I frequently use the picture below to discuss the use of deep neural networks for doing model training for supervised classification. Now when looking at the network consider that the goal of all machine learning and deep learning is to transform input data into some meaningful output. For facial recognition, the input data is a representation of the pixel intensity and color or grey scale value from a picture and the output is probability that the picture is either Angela, Chris, Lucy or Marie. That means we are going to have to train the network using recent photos of these four people.
A highly stylized neural network representation
This picture above is a crude simplification of how a modern convolutional neural network (ConvNet) used for image recognition would be constructed, however, it is useful to highlight many of the important elements of what we mean by transforming raw data into meaningful outputs. For example, each line or edge drawn between the neurons of each layer represent a weight (parameter) that must be calculated during training. These weights are the primary mechanism used to transform the input data into something useful. Because this picture only includes 5 layers with less than 10 nodes per layer it is easy to visualize how fully connected layers can quickly increase the number of weights that must be computed. The ConvNets in wide spread use today typically have from 16 to 200 or more layers, although not all fully connected for the deeper designs, and can have 10's of millions to 100’s of millions of weights or more.

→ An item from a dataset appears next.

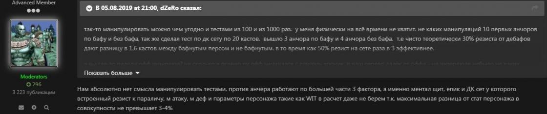 а как у вас вышло простым снятием бафа сделать шанс прохождения ниже? т.е по фул бафу 40% а по нг и без бафа 20? О_о с фул эквип - так только дк и эпик дают влияют на анчор не? как это могло повлиять на любой другой шмот или его отсутствие? как у вас вышел шанс в 18% если т.е у вас вышли результаты по персу в нг шмоте и без бафа ещё ниже чем по фул бафу,дк и эпику? О_о сдаёться мне либо я туплю либо вы проводите тесты на совершенно разных серверах. даже если предположить, что 65-70% это +13 анчор по голому персу то отняв эти +13 мы получим базовый шанс т.е +0 анчор. так же если верить модератору то разница всего в 4% которые даёт собственно резист за счёт статов персонажей. я вот честно хз как вы тестите если у вас даже при тесте одного и того же скила такой дичайший разброс в % прохождения.

We need that many weights to “meaningfully” transform the input data since the image is broken down into many small regions of pixels (typically 3x3 or 5x5) before getting ingested by the input layer. The numerical representation of the pixel values is then transformed by the weights so that the output of the transformation indicates if this region of cells adds to the evidence that this is a picture of Angela or negates the likelihood that this is Angela. If Angela has black hair and the network does not detect many regions of solid black color, then there not be much evidence that this picture is Angela.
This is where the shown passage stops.